Richmond v. Liberty Mutual Insurance Co.

COBB, Judge.

This cause arose when a truck driven by the appellant was allegedly run off the road by an unidentified motor vehicle. The appellant, Charlie Richmond, sued his employer, Drum Service Company of Florida and its liability and worker’s compensation insurance carrier, Liberty Mutual Insurance Company, alleging, inter alia, that section 440.15(3), Florida Statutes (1981), is unconstitutional and that, at the time of his accident, he was engaged in a hazardous occupation, thereby allowing him to by-pass the exclusive liability provision of Chapter 440. Appellant also alleges uninsured motorist coverage against the carrier on the frivolous theory that the vehicle owner’s rejection of such coverage was not a knowing and willing rejection because the owner did not know, and was not advised, that the terms of worker’s compensation coverage had been revised by the state legislature and was subject to constitutional challenge. He also erroneously contends that a written rejection by the insured is mandatory.1 See Kimbrell v. Great American Ins. Co., 420 So.2d 1086 (Fla.1982); Liberty Mutual Ins. Co. v. Wright, 406 So. 2d 1261 (Fla. 4th DCA 1981), review denied, 413 So.2d 877 (Fla.1982); Del Prado v. Liberty Mutual Ins. Co., 400 So.2d 115 (Fla. 4th DCA), petition for review dismissed, 407 So.2d 1105 (Fla.1981); Glover v. Aetna Ins. Co., 363 So.2d 12 (Fla. 1st DCA 1978). The named insured and the agent agree that no factual dispute is present as to the offer and knowing rejection of uninsured motorist coverage. Therefore, the summary judgment adverse to the appellant was properly entered.
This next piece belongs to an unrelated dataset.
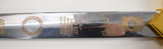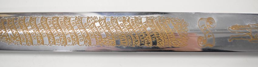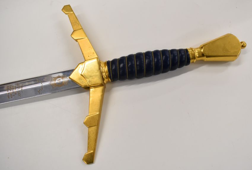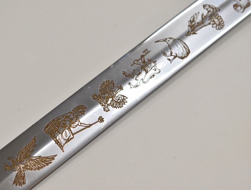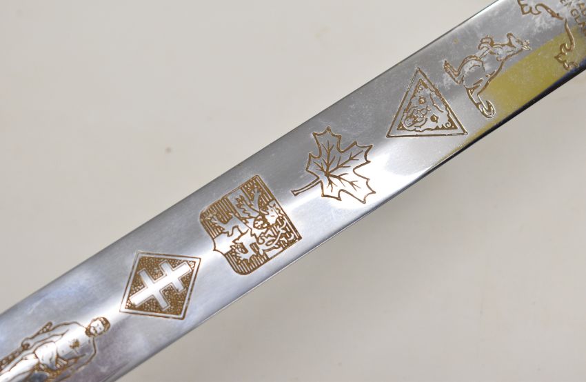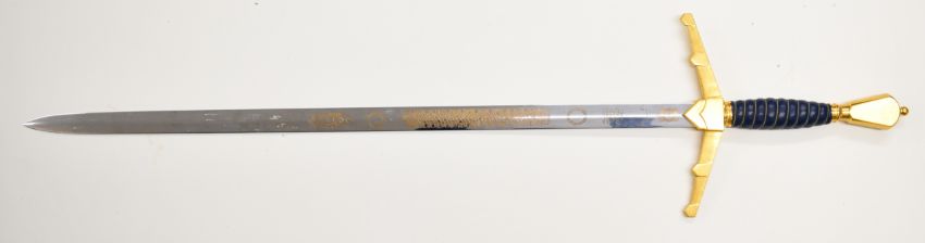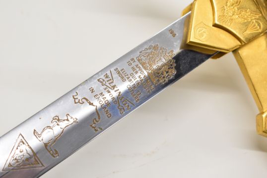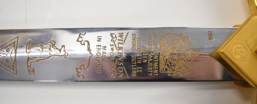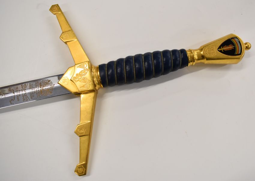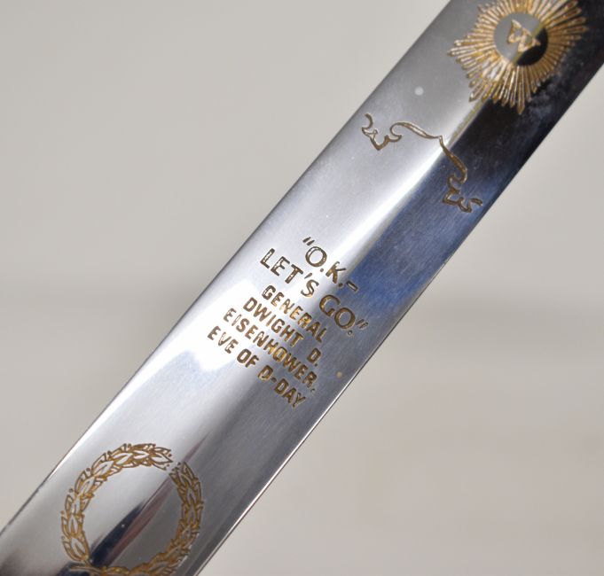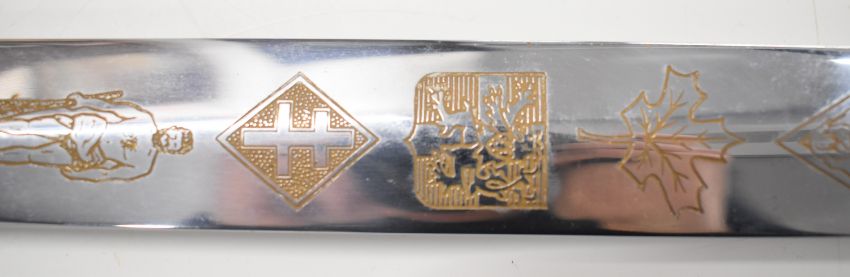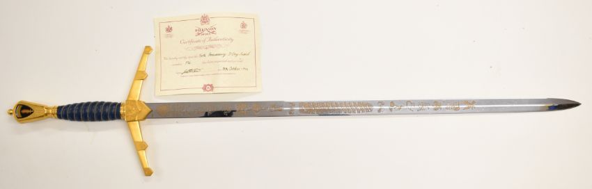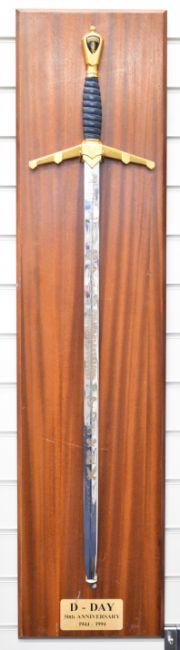 Wilkinson Sword ceremonial limited edition D-Day sword, made to commemorate the 50th anniversary (1944-1994) of the campaign to liberate Europe, the 85cm blade engraved with details about D-Day, the poem 'The Last Post', the national symbols of participating nations, UK, USA, Canada, Poland, etc, with maker's mark on ricasso, blue wire bound handle, gold plated hilt with engraved first letters of the 5 beaches of Normandy (Omaha, Utah, Gold, Sword and Juno) and pommel with the insignia of the Supreme Headquarters Allied Expeditionary Force, length of sword 111cm. Together with certificate of authenticity dated 18th October 1994, number 196, mounted on a wooden presentation board, overall length with presentation board 127cm, width 30cm. PLEASE NOTE: WE ARE NOT ABLE TO OFFER OUR USUAL POSTAGE SERVICE FOR THIS LOT

We find no merit in appellant’s constitutional attack on the wage loss provision of section 440.15(3), Florida Statutes (1981), originally enacted in 1977. See Carr v. Central Florida Aluminum Products, Inc., 402 So.2d 565 (Fla. 1st DCA 1981). Moreover, based on the briefs submitted on this appeal, Richmond apparently lacks standing to raise this constitutional attack for the reason that his worker’s compensation claim in regard to this incident is still pending. See Gulf Pines Memorial Park, Inc. v. Oaklawn Memorial Park, Inc., 361 So.2d 695 (Fla.1978).

The appellant also contends that the summary judgment entered below was erroneous for the reason that Chapter 769, the Hazardous Occupations Act, removes him from the applicability of the exclusive liability provision of section 440.11, Florida Statutes (1981). This argument fails in three respects. First, we fail to see that driving a truck is encompassed by Chapter 769. Secondly, the complaint failed to allege any causative negligence by Drum. Third, even if Richmond had been injured by the negligence of his employer while engaged in a hazardous occupation, we would still agree with the well-reasoned opinion of Judge Owen in the recent case of Crosby v. Regional Utility Board, City of Gainesville, 400 So.2d 1024 (Fla. 1st DCA 1981). Crosby concluded that an injured employee is limited to the remedies of the Worker’s Compensation Act, with the Hazardous Occupation Act, originally enacted in 1913, remaining an alternative remedy available for those workers in hazardous occupations who sustain injury in the course and scope of employment and whose employer’s liability for some reason does not enjoy the section 440.11 limitation.

AFFIRMED.

ORFINGER, C. J., and FRANK D. UP-CHURCH, Jr., J., concur.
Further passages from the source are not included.